The only things that changed between the toolboard working fine and it having issues were a grounding wire run to the toolhead plate, and a new CAN cable with crimped terminations instead of the soldered pigtails.

What is the grounding wire connected to? If it's connected to mains ground, is Duet ground also connected to mains ground?

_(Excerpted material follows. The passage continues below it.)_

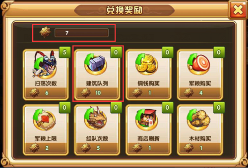 下面就是兑换奖励界面,左上方是主公的历练点数,下面是奖励,小云建议主公先兑换建筑队列,为什么要兑换建筑队列,下面小云会说的,别着急嘛ლ(╹◡╹ლ)
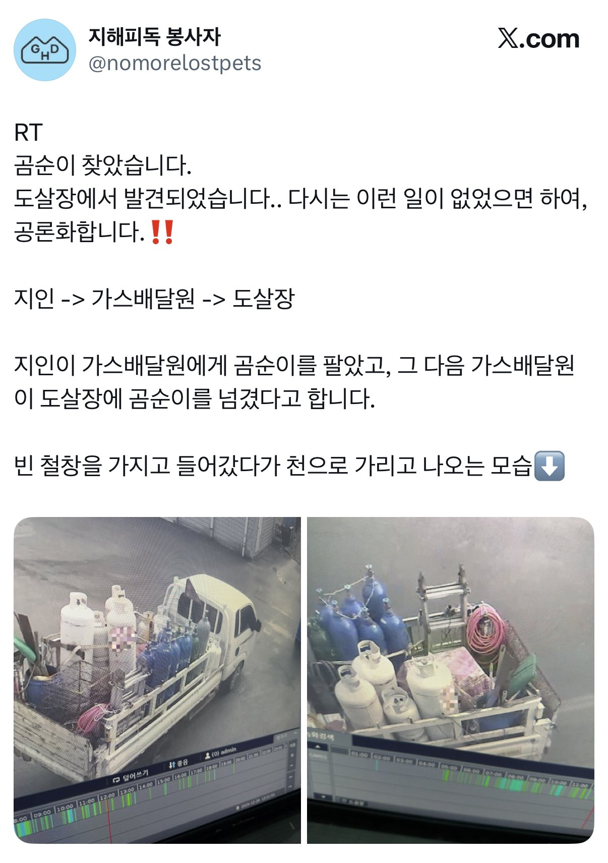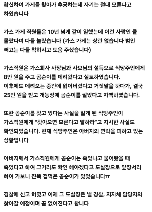 가스 직원은 도살장에 25만원 주고 팔았다고 함.

Is the extruder motor body also grounded?

curieos

@dc42 The grounding wire is connected to earth ground, and it screws into an aluminum toolhead plate. The grounding wire connected to the 1LC via one of the mounting holes is also connected to the toolhead plate. I can see if there's a low impedance connection between DC ground and earth ground when I get into work today, I assume this would be an issue.

The extruder motor body is physically touching said toolhead plate, and the mounting screws go through the toolhead plate. The toolhead plate is anodized, so it's not the most solid connection, but I've checked with a multimeter and there is continuity. The extruder is an LGX Pro, so the hotend mount is made of anodized aluminum, and the hotend metalwork is connected to the toolhead plate through the extruder mounting. I've checked with a multimeter and it detects continuity. If this isn't good enough I can run a discrete grounding wire from the toolhead plate to the coldside of the hotend.